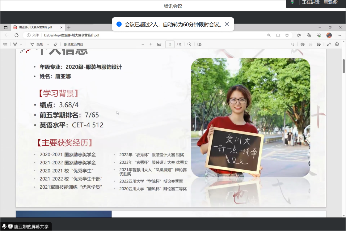 2023年7月4日,我院服装与服饰设计系通过腾讯会议在线平台顺利开展了2023年优秀大学生暑期夏令营活动。参加本次活动的人员有服装与服饰设计系主任杨璐铭教授、副主任申鸿副教授、教研室主任刘健西老师,本科生马裕宁、唐亚娜。
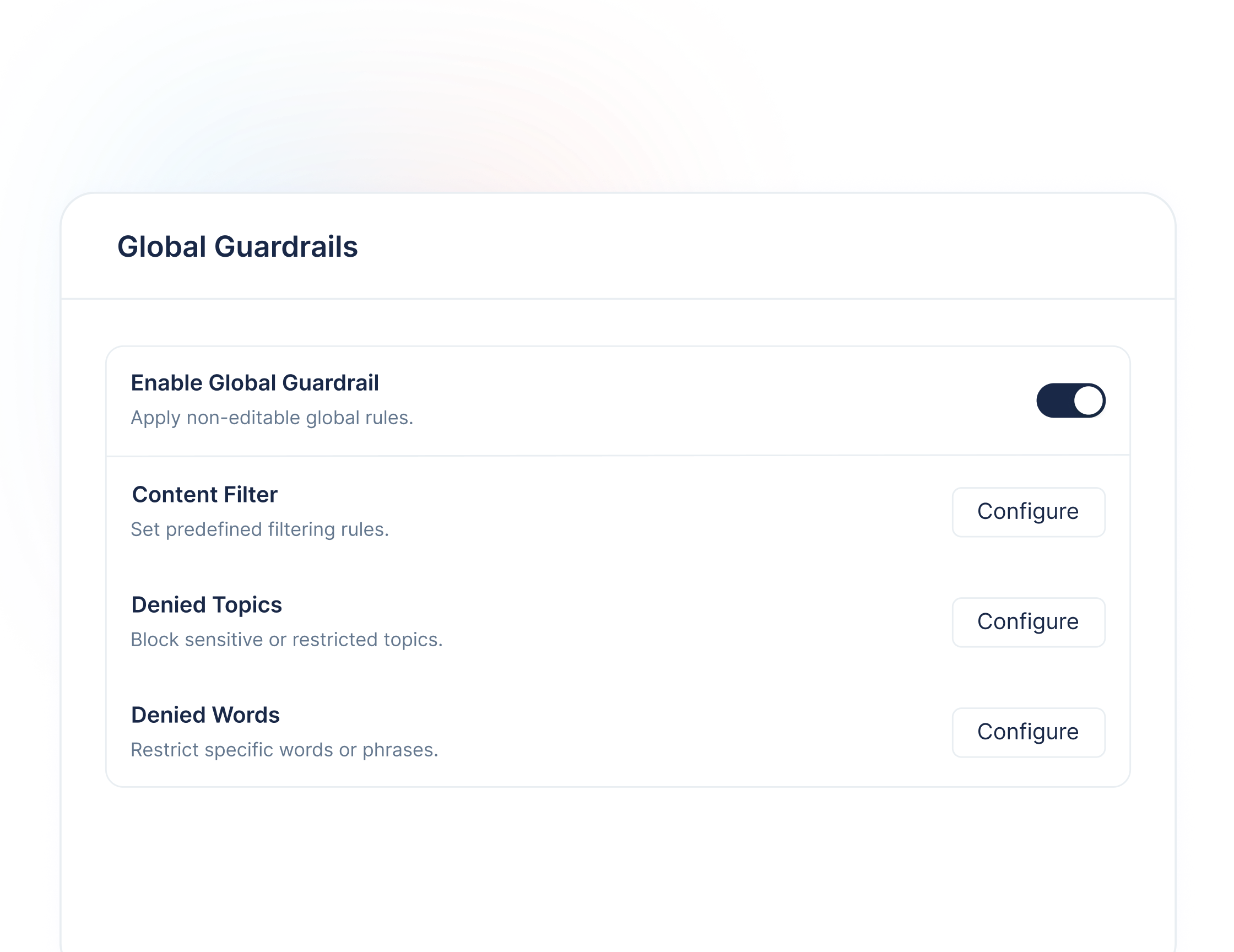 Control what AI says, does, and when it escalates - with audit trails on every interaction.
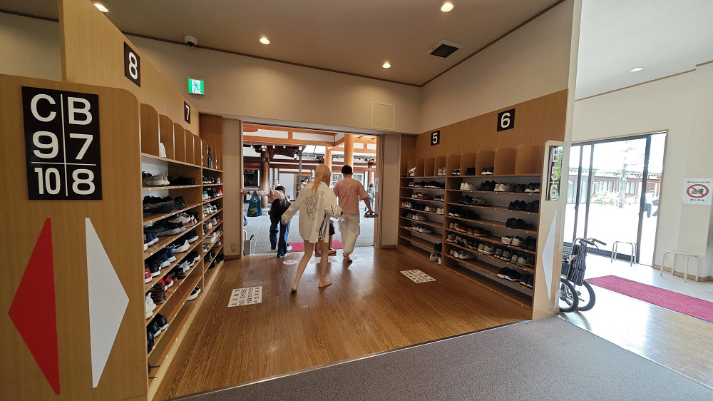 进入主殿前,要先到鞋帽间,脱下鞋子,放在鞋子存放格内。
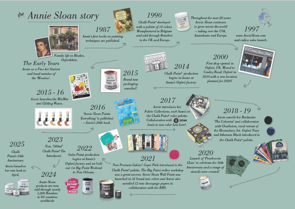 Annie Sloan, CBE, svetski je poznata umetnica, autorka i stručnjak za boje, stil i dizajn enterijera. Godine 1990. stvorila je svoju revolucionarnu Chalk Paint™ boju, kojom je zauvek promenila način farbanja nameštaja.
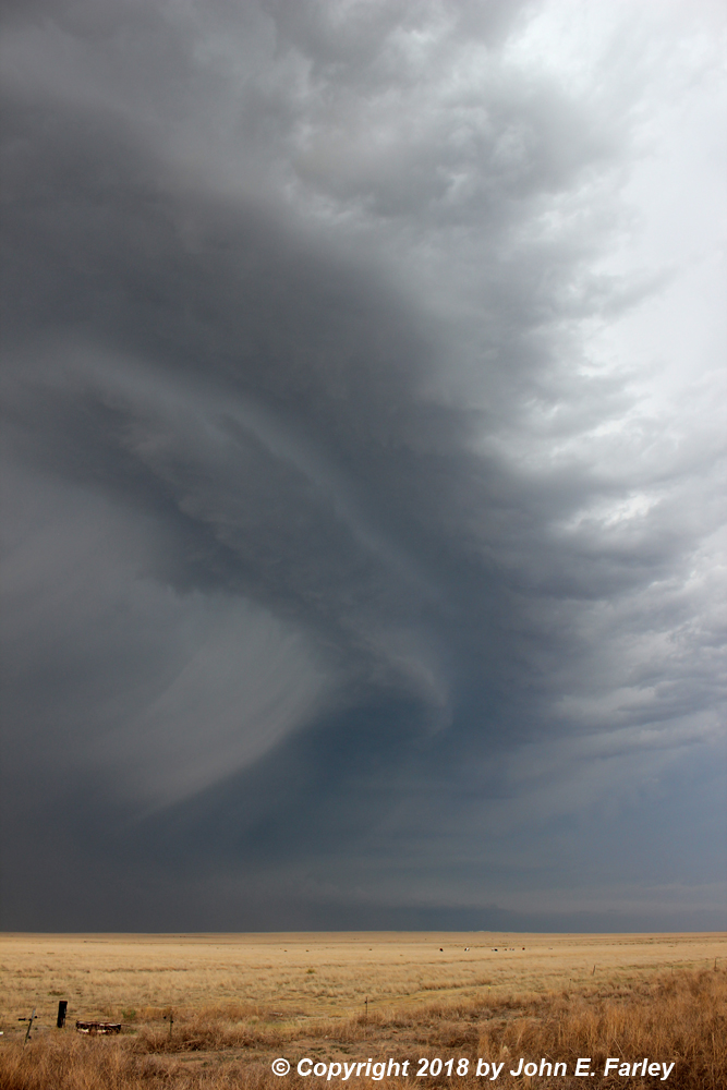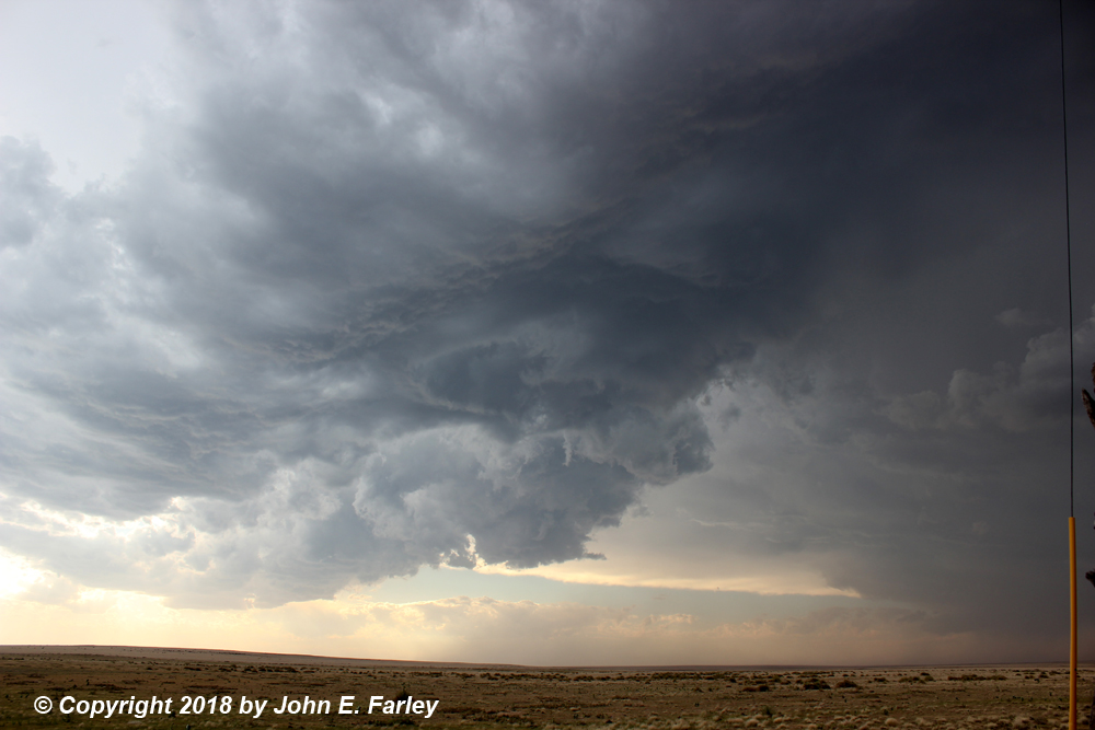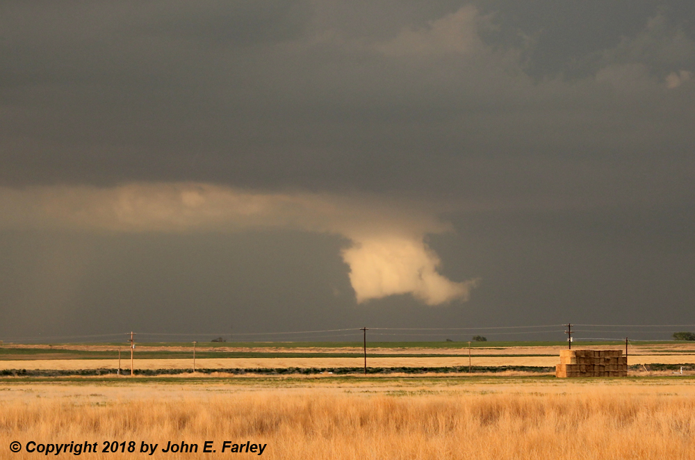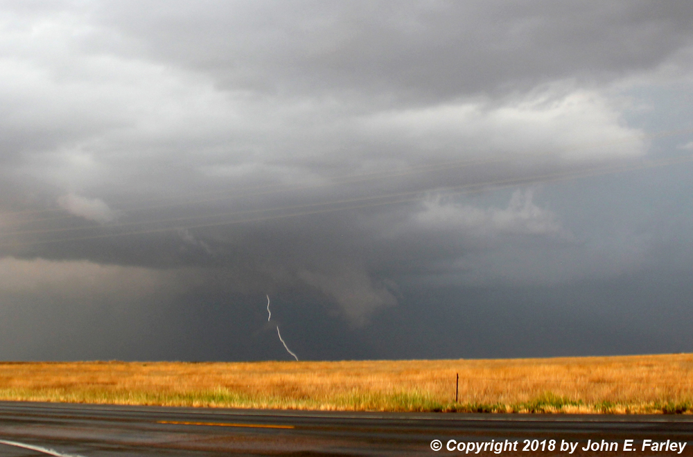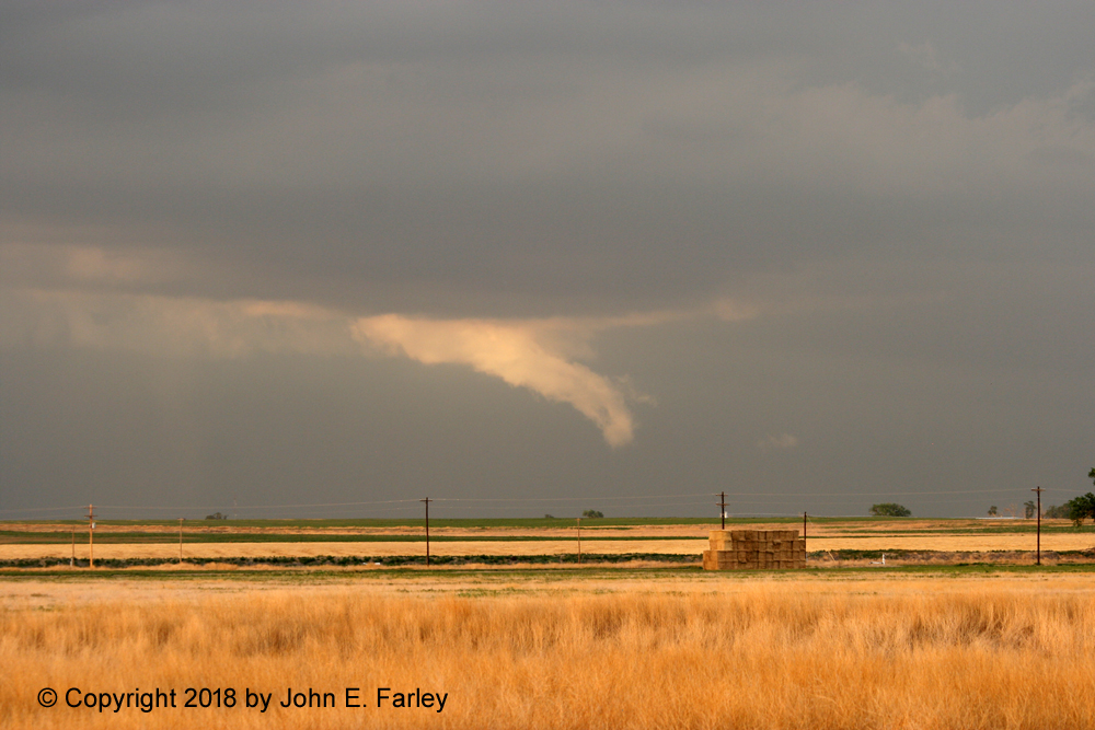 6:30-7:00 - I head north on a north-south road that intersects US 50 a little east of Las Animas, CO. This will take me to the tail end storm of the line of storms that initiated on the Palmer Divide. Both this storm and another one to its east, north of Lamar, are SVR-warned. I see the meso of this storm to my northwest as I head north, and there even seems to be a brief needle funnel under it:
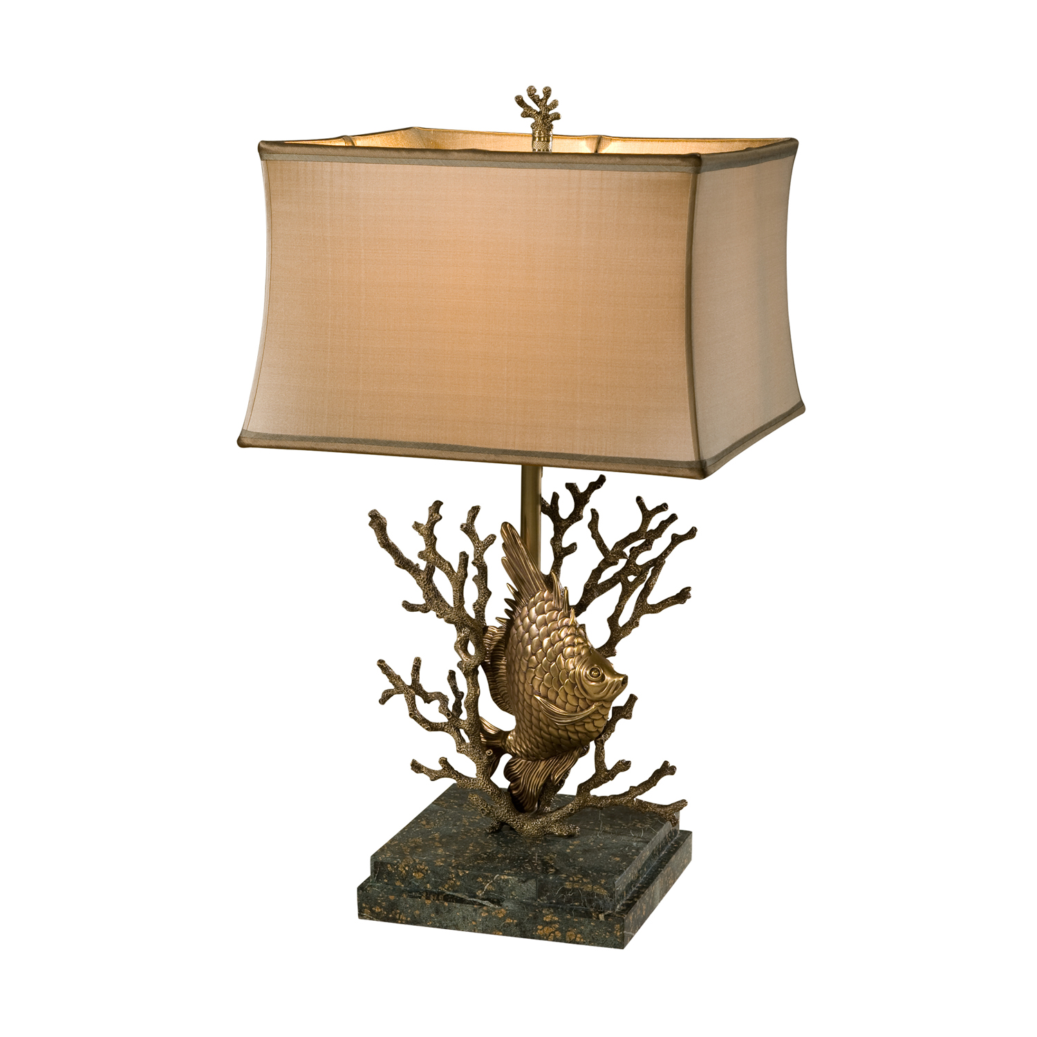 Лампа в стиле европейской эклектики. Основание выполнено из бронзы в виде морской композиции - коралла и рыбы. Подставка выполнена из зеленого мрамора. Шелковый кремового цвета абажур сшит вручную.
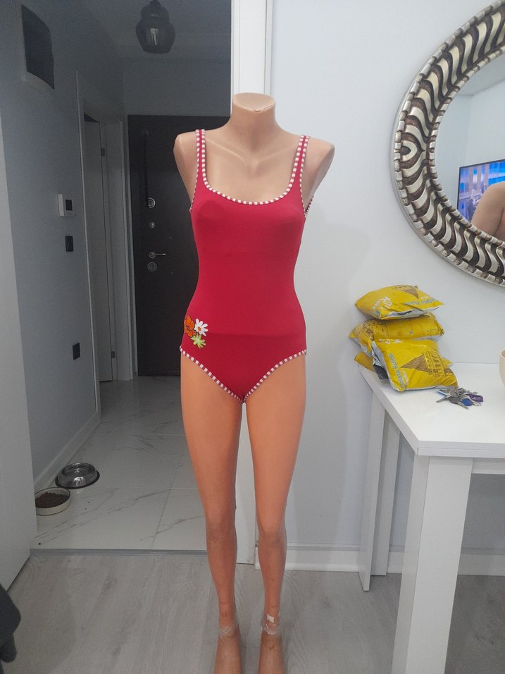 Kırmızı, ince askılı ve mini boyda, vücuda oturan kadın mayosu. Desensiz, küçük çiçek detayıyla sahil için renkli ve cesur bir tarz sunar.
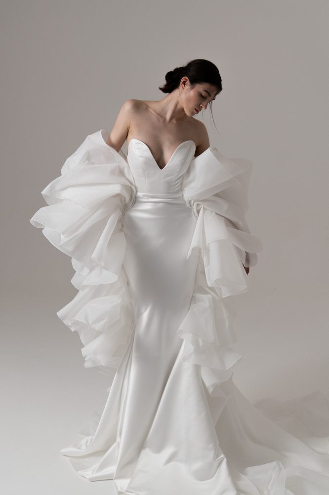 Такое свадебное платье подойдет как для классической свадьбы, так и для торжества в стиле модерн или минимализм.
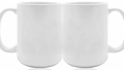 444 mL Photo Sublimation White Ceramic Mug. Smooth Molded Ceramic Composite. Glossy White Exterior. Easy Comfort Grip Curved Handle. Recommended Hand Wash Only
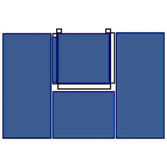 The Sport-Thieme fall protection mat set consists of 5 mats, which can be quickly and easily connected together using the hook-and-loop/fleece fasteners. The mats feature a composite foam core (80 kg/mÂł) and a blue Polygrip cover.
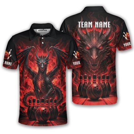 Red Black Dragon Bowling Fire Flame Custom Bowling Shirt
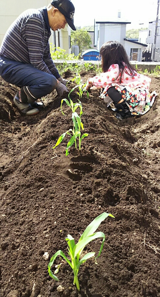 畑らしくなってきました。今シーズンはジャガイモとトウモロコシを作ってみたいと思います。忙しくて手があまりかけられない私たちでも育てやすい野菜だそうです。
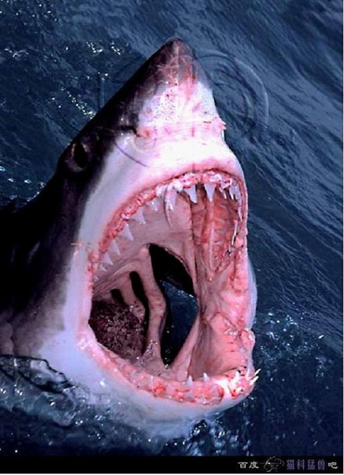 (鲨鱼其实胆子很小的,惧怕人类;只有进入了它们的领地才会被攻击。)8.巨齿鲨如果现在还活着,应该是这样的。它是地球历史上具有最强撕咬力量的物种之一,其牙齿撕咬力量甚至超过了霸王龙。
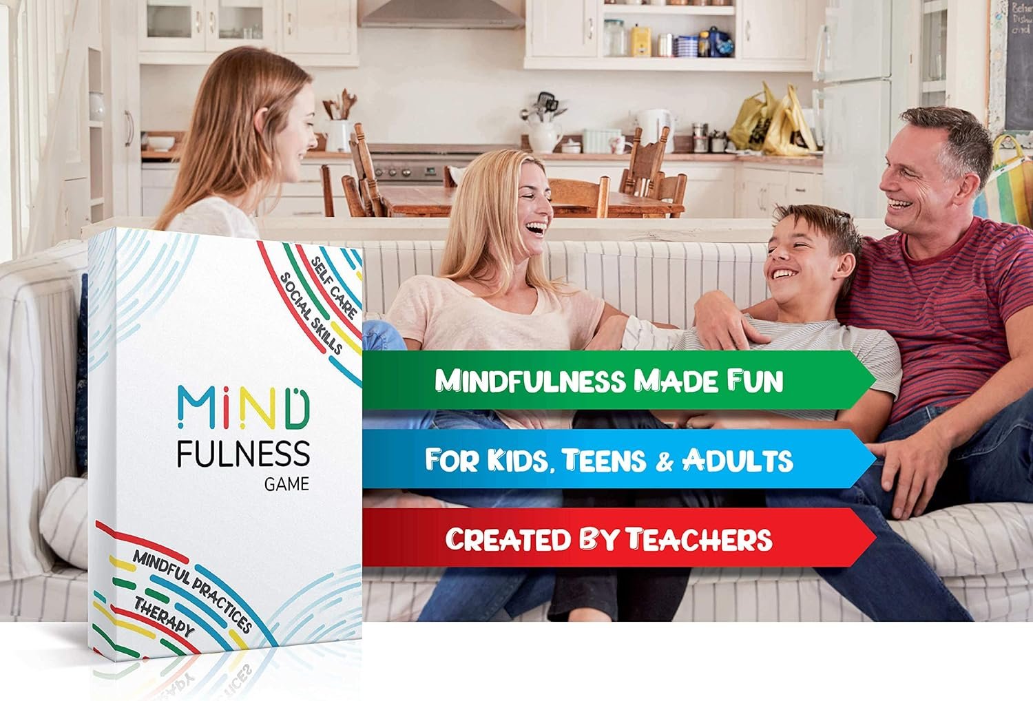 Your soon to be Mindfulness Game is perfect for anyone interested in beginning stress management and becoming more present through growth mindset in our busy world to help reduce depression. Perfect conversation discussions game for: Children, Kids, Teens, Adults, Client, High School Counseling, Counselor Gifts, Coworkers, Therapist Office Decor / Supplies, Students, Psychology Gift, Family Board Game Nights, Colleagues and Teachers.
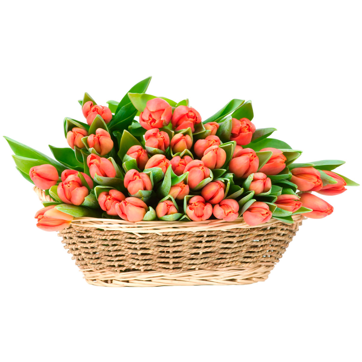 Тюльпан оранжевый. Упаковка (Корзина, оазис, ящик).
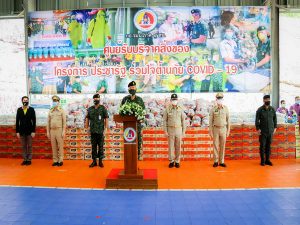 พลโท พรศักดิ์ พูลสวัสดิ์ แม่ทัพภาค 4 ผู้อำนวยการรักษาความมั่นคงภายในภาค 4 ส่วนหน้า ได้กล่าวถึงการร่วมมือของทุกส่วนทั้งภาคเอกชนต่อการแก้ไขปัญหาโควิด-19 วันนี้เป็นการระดมการช่วยเหลือเป็นน้ำใจที่ได้ร่วมช่วยกัน การมอบถุงยังชีพวันนี้เป็นรอบแรกและจะทยอยต่อเนื่อง โดยผ่านกระบวนการของสภาสันติสุขตำบลเป็นผู้กำหนดเป้าหมาย เพื่อเร่งแจกจ่ายถุงยังชีพบรรเทาความเดือนของพี่น้องประชาชน และขอเป็นกำลังใจแก่กำลังพลทุกส่วนที่ลงไปแจกจ่ายถุงยังชีพและสร้างความเข้าใจแก่ประชาชนเราจะต้องผ่านวิกฤตติในครั้งนี้ไปด้วยกัน
—————
● Work to complete: Across the whole listing above, repeat each line exactly and leave out the images.

● Problem solution:
 2023年7月4日,我院服装与服饰设计系通过腾讯会议在线平台顺利开展了2023年优秀大学生暑期夏令营活动。参加本次活动的人员有服装与服饰设计系主任杨璐铭教授、副主任申鸿副教授、教研室主任刘健西老师,本科生马裕宁、唐亚娜。
 Control what AI says, does, and when it escalates - with audit trails on every interaction.
 进入主殿前,要先到鞋帽间,脱下鞋子,放在鞋子存放格内。
 Annie Sloan, CBE, svetski je poznata umetnica, autorka i stručnjak za boje, stil i dizajn enterijera. Godine 1990. stvorila je svoju revolucionarnu Chalk Paint™ boju, kojom je zauvek promenila način farbanja nameštaja.
 6:30-7:00 - I head north on a north-south road that intersects US 50 a little east of Las Animas, CO. This will take me to the tail end storm of the line of storms that initiated on the Palmer Divide. Both this storm and another one to its east, north of Lamar, are SVR-warned. I see the meso of this storm to my northwest as I head north, and there even seems to be a brief needle funnel under it:
 Лампа в стиле европейской эклектики. Основание выполнено из бронзы в виде морской композиции - коралла и рыбы. Подставка выполнена из зеленого мрамора. Шелковый кремового цвета абажур сшит вручную.
 Kırmızı, ince askılı ve mini boyda, vücuda oturan kadın mayosu. Desensiz, küçük çiçek detayıyla sahil için renkli ve cesur bir tarz sunar.
 Такое свадебное платье подойдет как для классической свадьбы, так и для торжества в стиле модерн или минимализм.
 444 mL Photo Sublimation White Ceramic Mug. Smooth Molded Ceramic Composite. Glossy White Exterior. Easy Comfort Grip Curved Handle. Recommended Hand Wash Only
 The Sport-Thieme fall protection mat set consists of 5 mats, which can be quickly and easily connected together using the hook-and-loop/fleece fasteners. The mats feature a composite foam core (80 kg/mÂł) and a blue Polygrip cover.
 Red Black Dragon Bowling Fire Flame Custom Bowling Shirt
 畑らしくなってきました。今シーズンはジャガイモとトウモロコシを作ってみたいと思います。忙しくて手があまりかけられない私たちでも育てやすい野菜だそうです。
 (鲨鱼其实胆子很小的,惧怕人类;只有进入了它们的领地才会被攻击。)8.巨齿鲨如果现在还活着,应该是这样的。它是地球历史上具有最强撕咬力量的物种之一,其牙齿撕咬力量甚至超过了霸王龙。
 Your soon to be Mindfulness Game is perfect for anyone interested in beginning stress management and becoming more present through growth mindset in our busy world to help reduce depression. Perfect conversation discussions game for: Children, Kids, Teens, Adults, Client, High School Counseling, Counselor Gifts, Coworkers, Therapist Office Decor / Supplies, Students, Psychology Gift, Family Board Game Nights, Colleagues and Teachers.
 Тюльпан оранжевый. Упаковка (Корзина, оазис, ящик).
 พลโท พรศักดิ์ พูลสวัสดิ์ แม่ทัพภาค 4 ผู้อำนวยการรักษาความมั่นคงภายในภาค 4 ส่วนหน้า ได้กล่าวถึงการร่วมมือของทุกส่วนทั้งภาคเอกชนต่อการแก้ไขปัญหาโควิด-19 วันนี้เป็นการระดมการช่วยเหลือเป็นน้ำใจที่ได้ร่วมช่วยกัน การมอบถุงยังชีพวันนี้เป็นรอบแรกและจะทยอยต่อเนื่อง โดยผ่านกระบวนการของสภาสันติสุขตำบลเป็นผู้กำหนดเป้าหมาย เพื่อเร่งแจกจ่ายถุงยังชีพบรรเทาความเดือนของพี่น้องประชาชน และขอเป็นกำลังใจแก่กำลังพลทุกส่วนที่ลงไปแจกจ่ายถุงยังชีพและสร้างความเข้าใจแก่ประชาชนเราจะต้องผ่านวิกฤตติในครั้งนี้ไปด้วยกัน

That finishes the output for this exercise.